**Problem description:** Should an entry contain an image, leave the image out and repeat the entry's text exactly.

(Dataset excerpts)
□ □ □ □ □ □ □
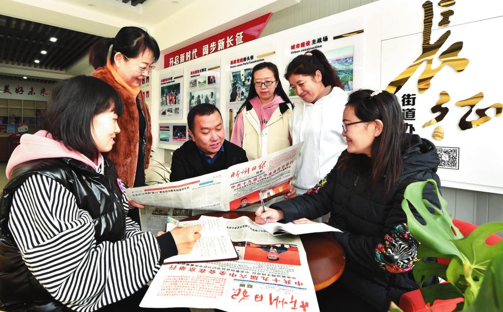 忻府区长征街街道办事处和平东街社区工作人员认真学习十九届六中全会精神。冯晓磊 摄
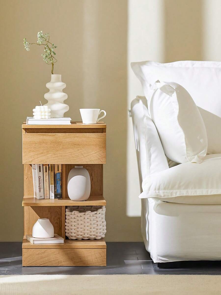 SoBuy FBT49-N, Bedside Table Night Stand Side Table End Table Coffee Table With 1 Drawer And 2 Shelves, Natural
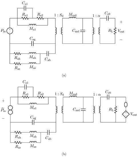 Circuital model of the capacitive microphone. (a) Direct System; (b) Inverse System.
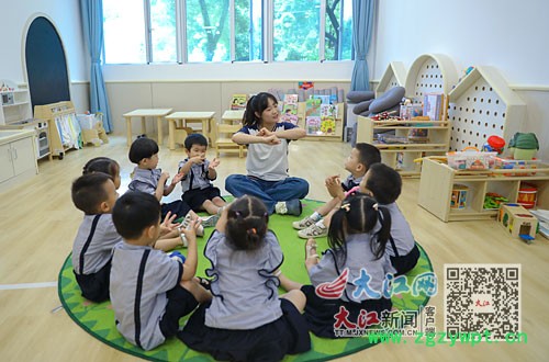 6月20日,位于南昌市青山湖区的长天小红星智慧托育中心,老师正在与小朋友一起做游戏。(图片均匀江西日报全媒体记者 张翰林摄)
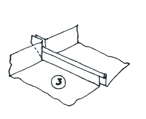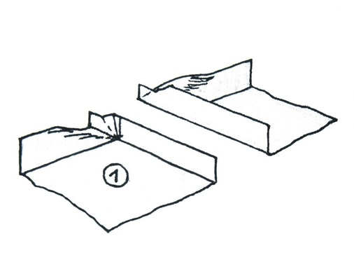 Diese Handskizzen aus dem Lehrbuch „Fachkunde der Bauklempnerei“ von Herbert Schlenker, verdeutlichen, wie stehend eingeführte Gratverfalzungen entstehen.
□ □ □ □ □ □ □
**Result:**
 忻府区长征街街道办事处和平东街社区工作人员认真学习十九届六中全会精神。冯晓磊 摄
 SoBuy FBT49-N, Bedside Table Night Stand Side Table End Table Coffee Table With 1 Drawer And 2 Shelves, Natural
 Circuital model of the capacitive microphone. (a) Direct System; (b) Inverse System.
 6月20日,位于南昌市青山湖区的长天小红星智慧托育中心,老师正在与小朋友一起做游戏。(图片均匀江西日报全媒体记者 张翰林摄)
 Diese Handskizzen aus dem Lehrbuch „Fachkunde der Bauklempnerei“ von Herbert Schlenker, verdeutlichen, wie stehend eingeführte Gratverfalzungen entstehen.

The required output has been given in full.